- Founded: 1968
- Arena: PalaCus viale Gambaro
- Capacity: 800
- Location: Genoa, Italy
- Team colors: Green, White
- President: Cav. Gianluigi Prati
| Home | Away |

= Athletic Genova =

Italian basketball club

Athletic Genova is an Italian basketball club from Genoa.

==History==
Athletic was founded in 1968 in the premises of the parish in San Pio X avenue, where there was also the registered office, at the hands of Gino Negro, Elio Fertonani and Don Gianni Tacchino. In 1970 came the transition to competition by acquiring the rights of the then Legislative Genoa, which at the time was involved in the Serie C.

The 1974–75 season is the first held in a professional league, following the total reform of the championships. Athletic Genova, license plate Ausonia, is led on the bench by Luciano Bertolassi while the foreign was Wilbur Kirkland. He came the salvation as well as at the end of the second year, but only after the return match in the play-off against Juventus Caserta. Since 1976 the Genoese training assumes sponsorship Emerson and enters the orbit of famous Pallacanestro Varese, bringing in Lombardy veteran Dodo Rusconi and young Maurizio Gualco, Enzo Carraria and Mauro Salvaneschi: foreign player was instead represented by Brazilian Marcos Leite "Marquinho" . The results they guaranteed the club its first historic promotion to the top flight. The impact with the A1 however, was not as hoped, and the Emerson retreated with assets of 6 wins and 16 defeats. That season, which also saw the debut in FIBA Korać Cup, was the last of Athletic Genova season since the end of the season the team moved to Novara (coming Manner license plate) for the lack of a suitable system, not receiving from the Municipality the guarantees system use of previously used Fair.
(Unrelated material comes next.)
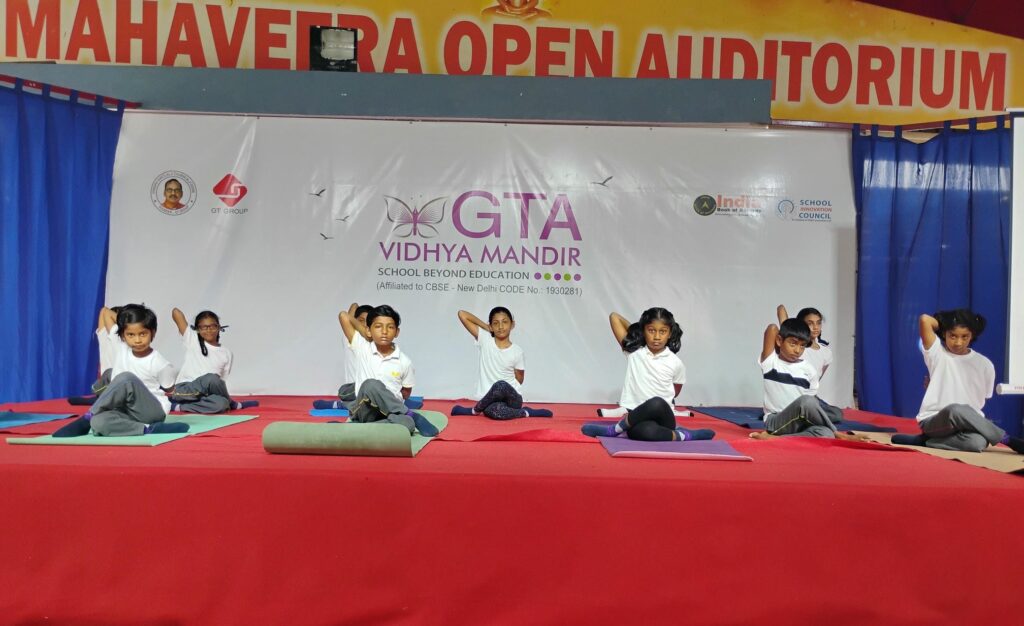 Pranayama, meditation and yogasana form an integral part of a regular school day. This helps the students get rid of their stress and focus on their goals and priorities. A weekly bhajan session led by students help the school come together every Monday morning. Bhagawat Gita is chanted during the morning assembly. The National flag is hoisted every Monday morning and the integration pledge is taken by all the students.

Fresh displacement in Novara, the club went from professional basketball at the first year after suffering a further relegation.

After that period, the club continued competing at the regional level, achieving its best result with a fourth-place finish in the Regional Championship Series C in the mid-1990s. Its youth sector, consistently thriving, has produced many players who now compete in top Ligurian teams or have played in national leagues, including Fabrizio Greco, Stefano Arrighi, Andrea Fertonani, Nicholas Cerboncini, Francesco Rovati, Marcello Mangione, Philip Cainero, and Daniele Manuelli. Currently, the team is part of the Riviera Basketball network and collaborates with Basket Pool Loano 2000, competing at the top level in the Under-17 Open Ligure championship. The club's headquarters remain at the historic Via San Pio X, with its adjoining small gym in the church of the same name, while games are now held at the PalaCus on Viale Gambaro.

==Bibliography==
- Franco Carozzi, La leggenda del grande basket sotto la Lanterna, Fratelli Frilli Editori, 2006.